The rising need to combine risk and financial management advisory with sustainability leads to significant changes in the business counseling realm. Isensee et al. (2020) contend that venture capitalists nowadays want to establish projects that can last several generations. Similarly, the group intends to operate businesses in ways that conserve the environment and align with customer needs. Therefore, risk and fiscal advisors increasingly face mounting pressure to adopt appropriate strategies to identify cost-effective, medium-risk, and high-returning ventures that conserve the environment, which is often not easy. Initially, business experts offering advisory services needed only to deliver a bright theory to get payment, as per Bracci et al. (2021). The aspect is currently non-existent, as investors want advisors who work with them and their teams to realize the suggested benefits (Bracci et al., 2021). Mahmood et al. (2019) insist that business owners will, in the future, pay for the business advisory services based on their performance, unlike now, where the professionals receive down payments before delivering meaningful content. Consequently, business advisors must develop their knowledge and expertise basis to meet the emerging needs of the team-focused customers to remain in business.

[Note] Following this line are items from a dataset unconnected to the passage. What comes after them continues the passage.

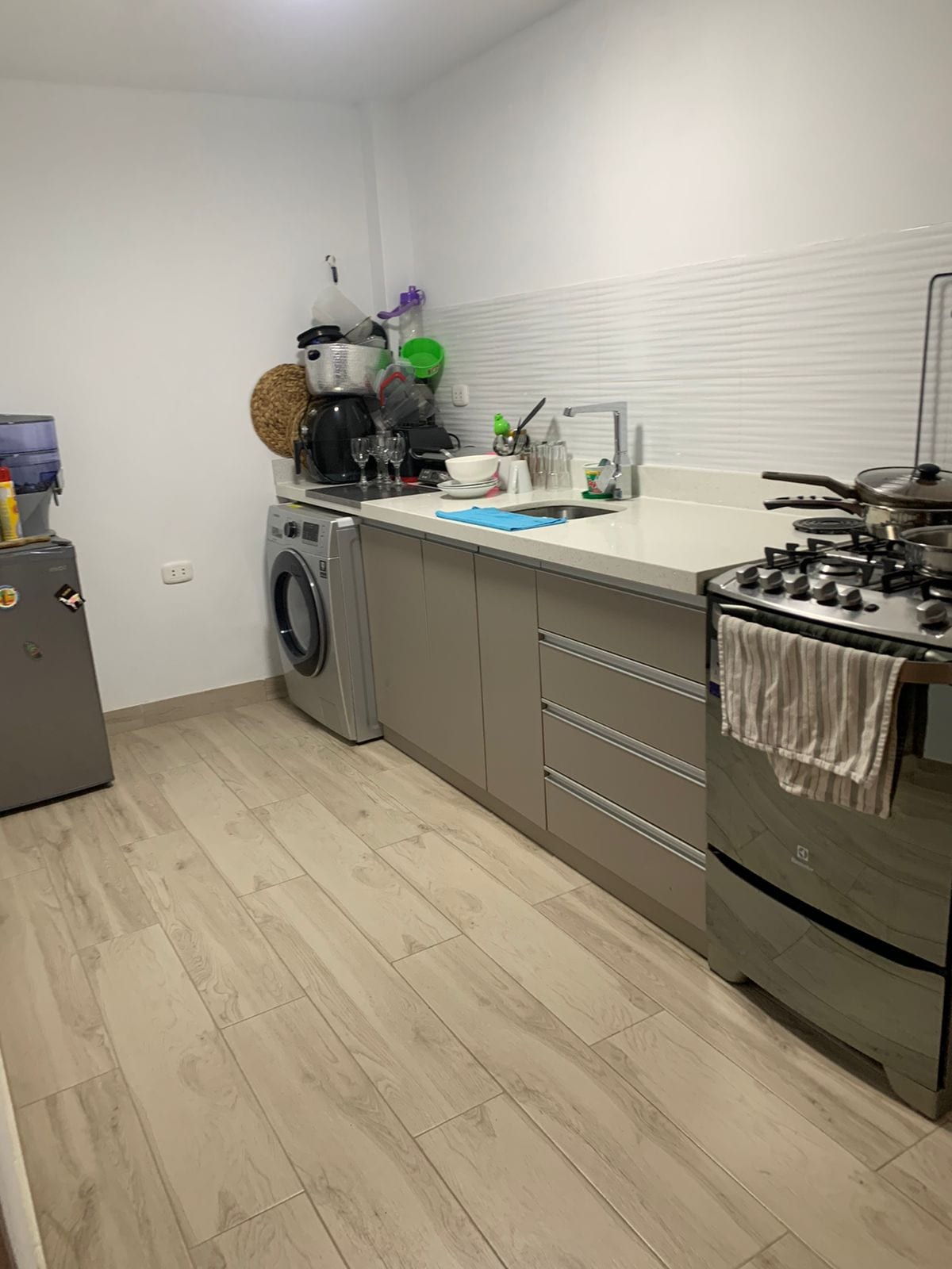 Moderno y acogedor departamento de estreno ideal para parejas o viajeros solos. Cuenta con 1 habitación con cama queen y ropero empotrado, sala cómoda con Smart TV y escritorio, cocina equipada con electrodomésticos modernos y baño completo con agua caliente. Un espacio funcional y confortable, perfecto para una estadía práctica y relajante.
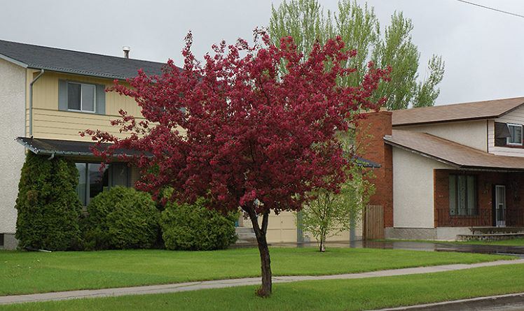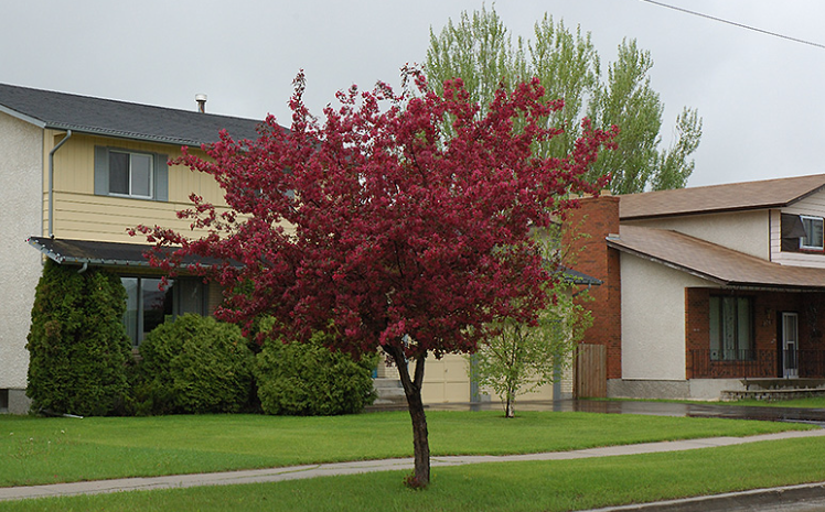 The foliage holds its dark purple color better than most crabapples through the summer heat. Small, dark red fruits follow in autumn. It grows to approximately 6 to 8 meters and is one of the most reliable ornamental crabapples for very cold climates, tolerating temperatures as low as minus 40 degrees.
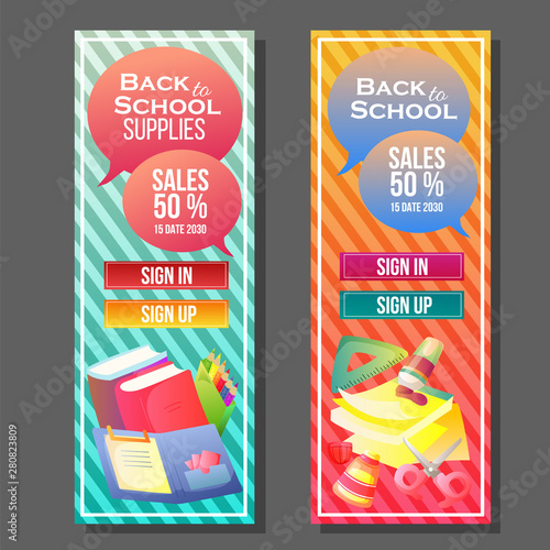 Вертикальный баннер, рекламирующий новые чистящие средства. Бутылки с ванной, душем, туалетом, средством для мытья окон и посуды, образец текста. Векторная иллюстрация в мультяшном стиле.
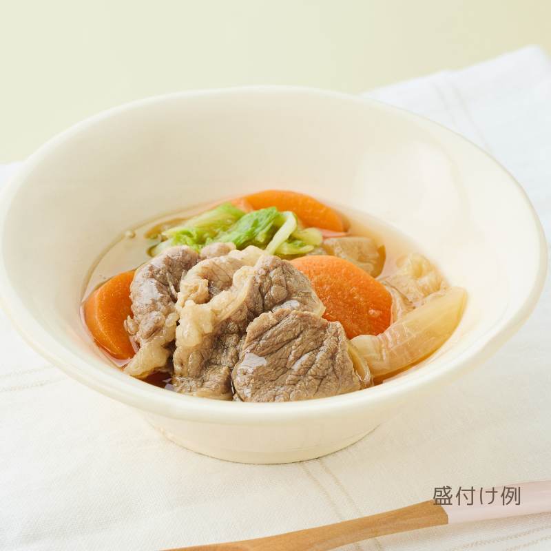 やわらかく仕上げたお肉と野菜を、すきやき風の味付けでコトコト煮込みました。

Current failures in business consultants’ enterprise resource planning (ERP) models are suggestion point to a changing business advisory atmosphere requiring considerable revolution. Mahmood et al. (2019) describe ERP systems’ adoption among many commercial establishments as a product of counselors’ directives to aid investors in managing resources management and financial shocks resulting from such. Investors getting recommendations for ERP models from their advisors often view the professionals as great resources for the organizations’ success. However, recent research, such as Mahmood et al. (2019), indicates contradicting results, where most of the business consultants’ ideas result in minimal or no significant results. The aspect causes noteworthy pain due to the involved high costs, leading many investors to change their requirements for the systems’ adoption. Subsequently, a new requirement by the business people is that fiscal consultants leading system adoptions help the investors beyond the structure’s preliminary phases. Mahmood et al. (2019) identify project team development as a major necessity among system buyers, with the consultants bearing almost the full mandate to see the model work. Therefore, this point explains the emerging trend of fiscal counselors seeking more skills to meet the new era’s requirements.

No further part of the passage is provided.